If you like this blog, pass it on to your friends. Let’s keep the conversation going.
Regular readers of this blog will have read my post a while ago called “Whatever Happened to Preview of Coming Attractions in Health.” I return to the topic now to reflect on what I have learned since posting it, and to encourage more conversations on this very important topic. After all, most of us are likely to be seriously ill at some point in our lives.
I’m active in several ALS communities on Facebook, and posted the earlier blog there. In response, a very helpful person posted information about an manual for people living with ALS published by the ALS Society of Canada.. If you’re interested, you can find it here.

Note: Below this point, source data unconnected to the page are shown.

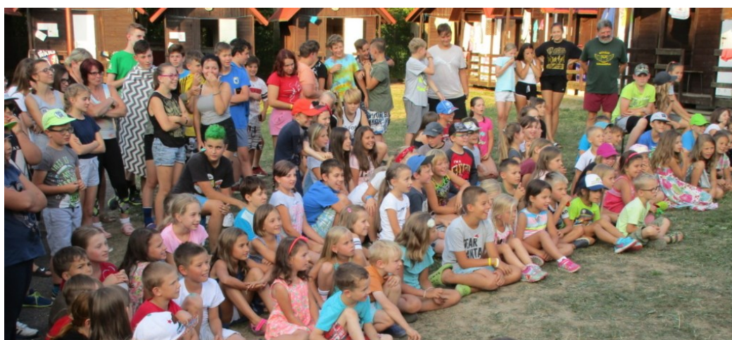
... a veselé diváctvo.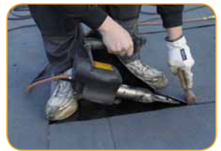
Kaasu- ja sähkökäyttöinen kuumailmatyökalu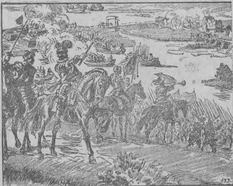
133. DECYDUJĄCA BITWA Król, który nienawidził Buc-

kinghama z wielu jeszcze innych względów, niż kardynał, zastał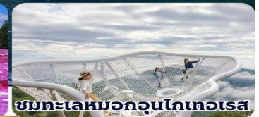
ชมทะเลหมอกออนโกเทอเรส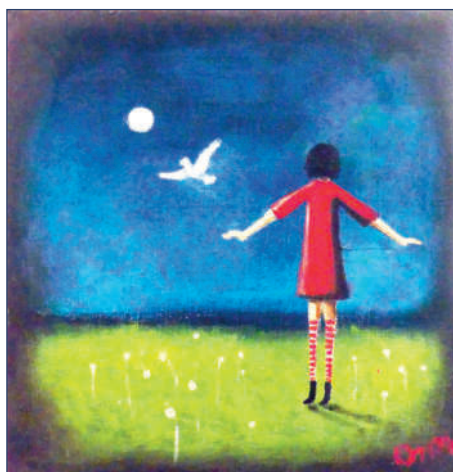
Lányka galambbal (20×20 cm, vászon, olaj)

magam, hogy az első évfolyamban végezhettem. Mindig is filozofikus szemlélettel éltem az életem, a diploma után pedig pláne, de tanítási módszereimre közvetlenül nem az ott tanultak hatottak, inkább csak tovább csiszoltak szemléletemen, életfilozófiámon, mely viszont alapvetően meghatározza tanítási módszereimet. Valójában első igazi munkahelyemen, a budapesti Hallássérültek Intézetében volt módom gyógypedagógusoktól, pszichológusoktól sokat tanulni e téren. Kutattam is sokat és maximalista ember lévén, próbáltam hatékony, eredményes munkát végezni. Mivel rajzot, művészetet tanítottam ott hosszú ideig, így volt rá lehetőségem, hogy alaposan kidolgozzak olyan új oktatásmódszertant a kollégák segítségével, amely a művészeti nevelést helyezi új alapokra. Miközben a Nyíregyházi Egyetemen a szakdolgozatomat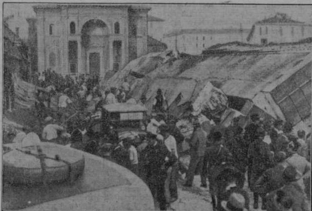
V italijanskem mestu Milano se je zrušil prehod preko železnice. Izpod razvalin so izvlekli mnogo mrtvih ter ranjenih.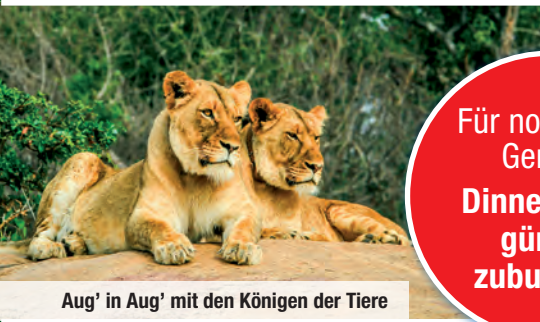
Aug' in Aug' mit den Königen der Tiere

Für noch mehr Genuss: Dinner-Paket günstig zubuchbar!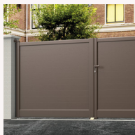
Rectangulaire (lames 120 ou 200 mm)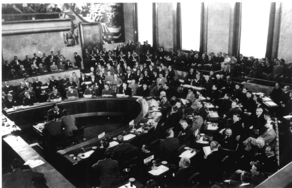
讨论朝鲜问题会议会场。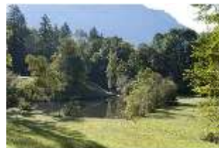
Lin.V, Schwanenweiher, DI005735, BSV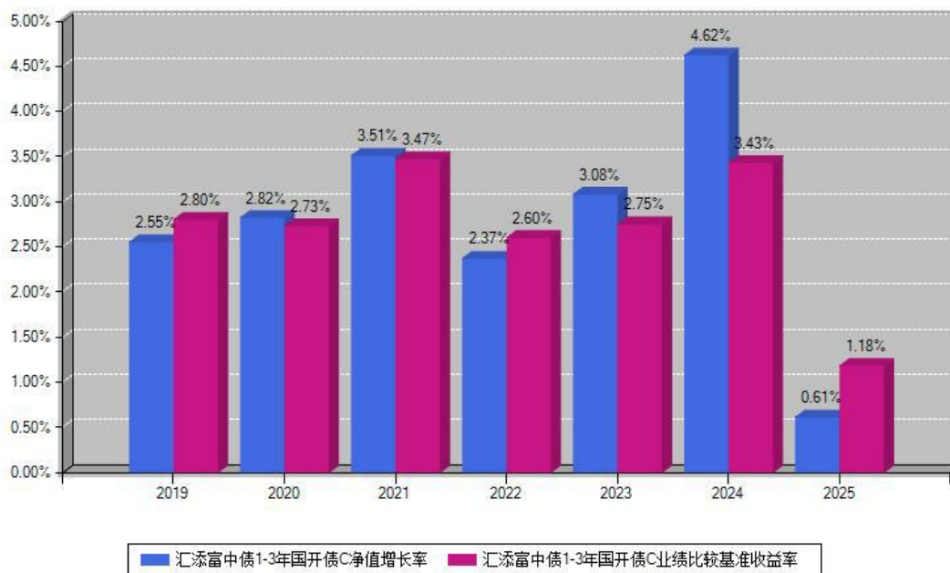
汇添富中债1-3年国开债C每年净值增长率与同期业绩基准收益率对比图

注：数据截止日期为2025年12月31日，基金的过往业绩不代表未来表现。本《基金合同》生效之日为2019年04月15日，合同生效当年按实际存续期计算，不按整个自然年度进行折算。

In reviewing the manual, both my partner and I were struck by the level of detail and usefulness of the information, and disheartened that we had not been given this resource or anything like it by the specialty ALS clinic at which I am seen. The Forbes Norris Clinic where I receive care promotes a slate
of 10 Commandments for Optimal Motor Neuron Disease Patient Care, originally formulated by Forbes Norris himself. (In Europe, ALS is called MND – Motor Neuron Diseases.) It’s posted prominently at the clinic.
If you compare the “10 Commandments” to the Canadian manual, I think you’ll agree that the Canadians resource is much more helpful. Turns out that Canadians are good a lot of things besides hockey.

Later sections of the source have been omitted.